+++ Exercise data +++

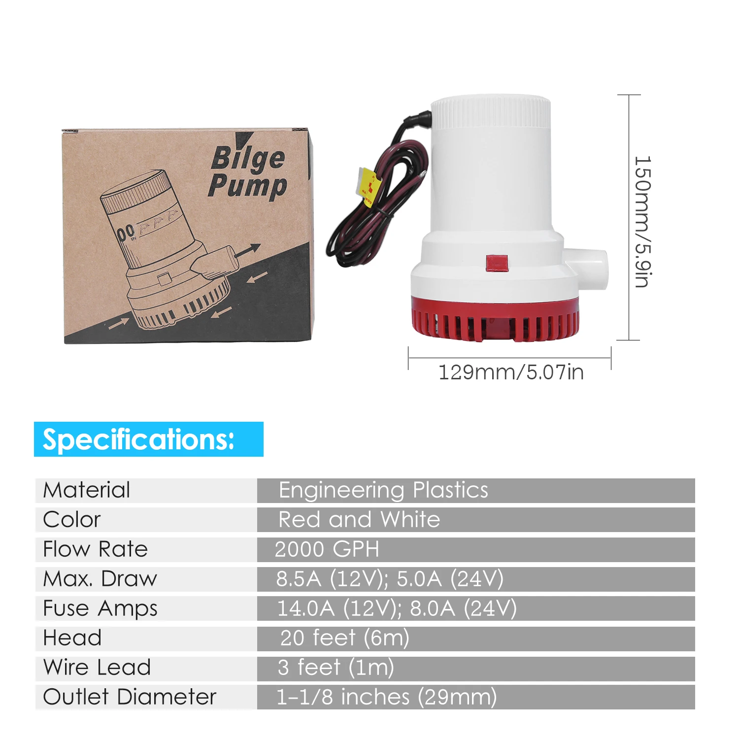 The high capacity bilge pump uses a float switch and a panel switch to detect water flow and then auto turn it on. It serves to evacuate accumulated water and oil from your boat at flow rate of 2000 gallons per hour, and with 1-1/8 inches hose outlet for easy installation, removable strainer for convenient cleaning.
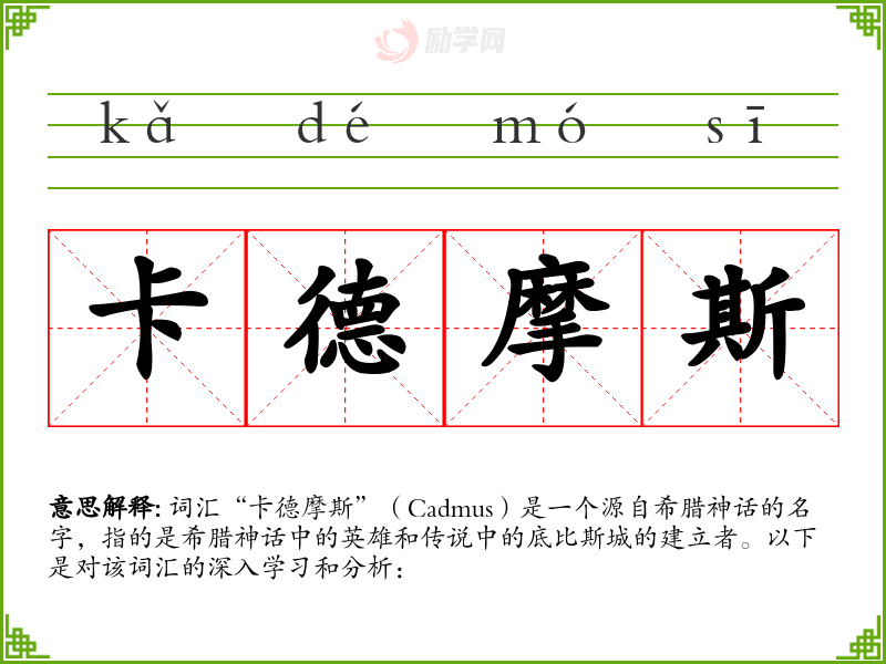 词汇“卡德摩斯”(Cadmus)是一个源自希腊神话的名字,指的是希腊神话中的英雄和传说中的底比斯城的建立者。以下是对该词汇的深入学习和分析:
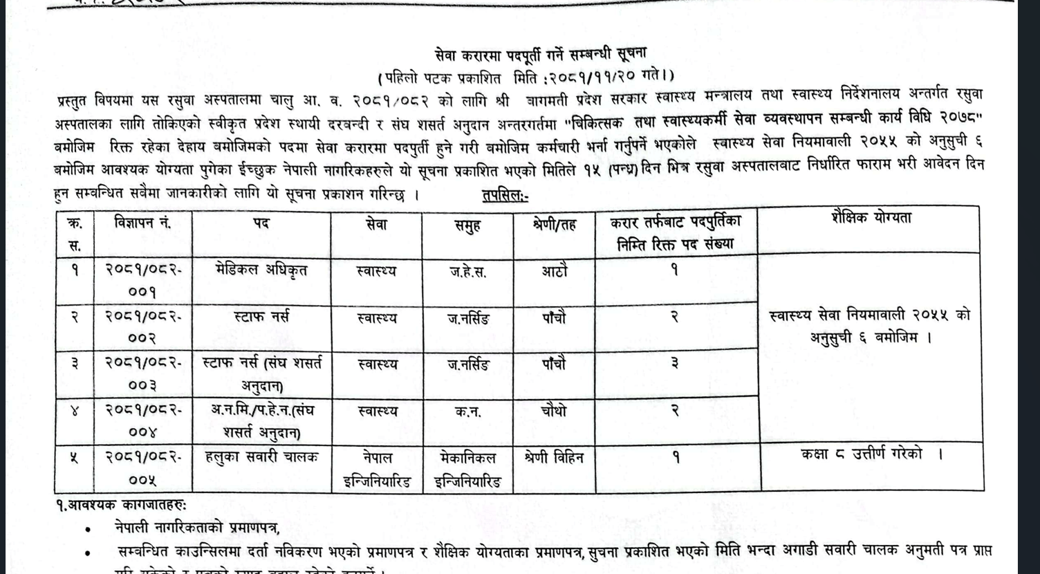 रसुवा अस्पतालमा कर्मचारी आवश्यकता सम्बन्धी सूचना
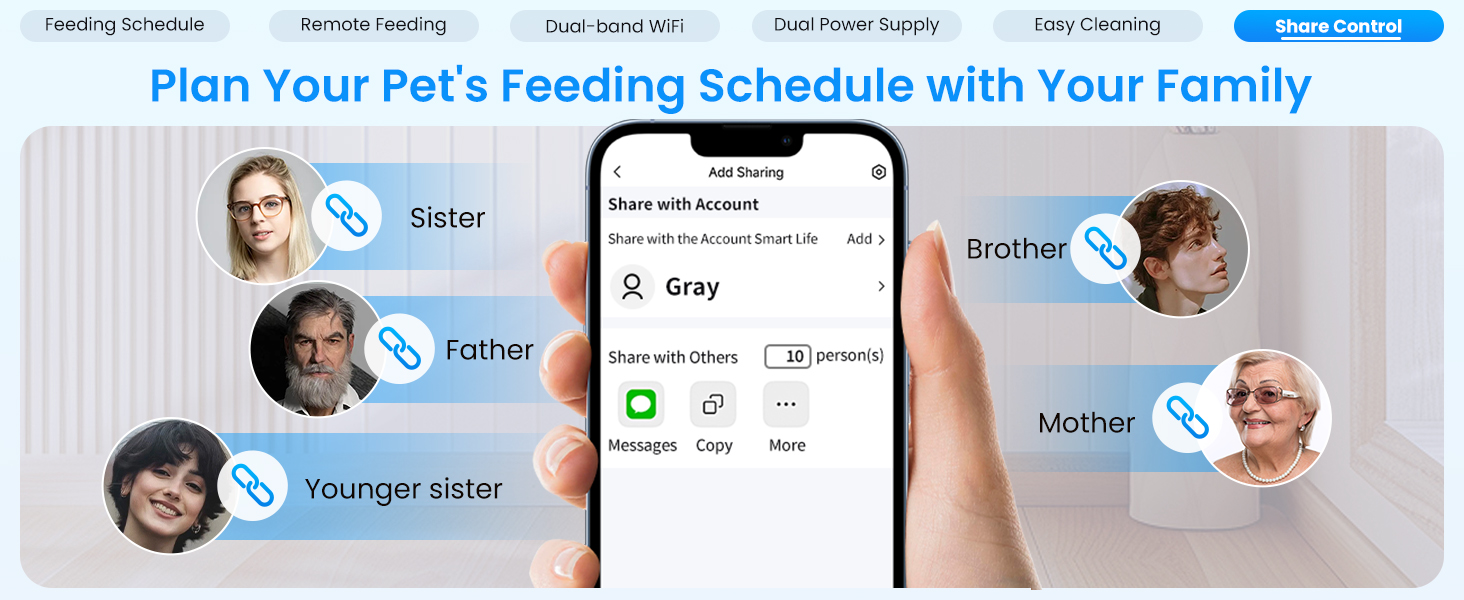Paz y nutrición precisa para tus dos mascotas Este comedero inteligente es la solución definitiva para hogares con dos gatos o perros pequeños en Chile. Gracias a su diseño con platos separados, cada mascota tiene su propio espacio vital para comer, eliminando el estrés y las peleas por el alimento. A través de la aplicación Smart Life, puedes gestionar la dieta de ambos desde cualquier lugar, asegurando que reciban sus raciones exactas incluso si estás en el trabajo o de viaje.

+++

> _Problem to solve_
Transcribe the opening line of the listing above, please, and every line after it through the line with "रसुवा अस्पतालमा कर्मचारी", word for word, without pictures.

> _Result_
 The high capacity bilge pump uses a float switch and a panel switch to detect water flow and then auto turn it on. It serves to evacuate accumulated water and oil from your boat at flow rate of 2000 gallons per hour, and with 1-1/8 inches hose outlet for easy installation, removable strainer for convenient cleaning.
 词汇“卡德摩斯”(Cadmus)是一个源自希腊神话的名字,指的是希腊神话中的英雄和传说中的底比斯城的建立者。以下是对该词汇的深入学习和分析:
 रसुवा अस्पतालमा कर्मचारी आवश्यकता सम्बन्धी सूचना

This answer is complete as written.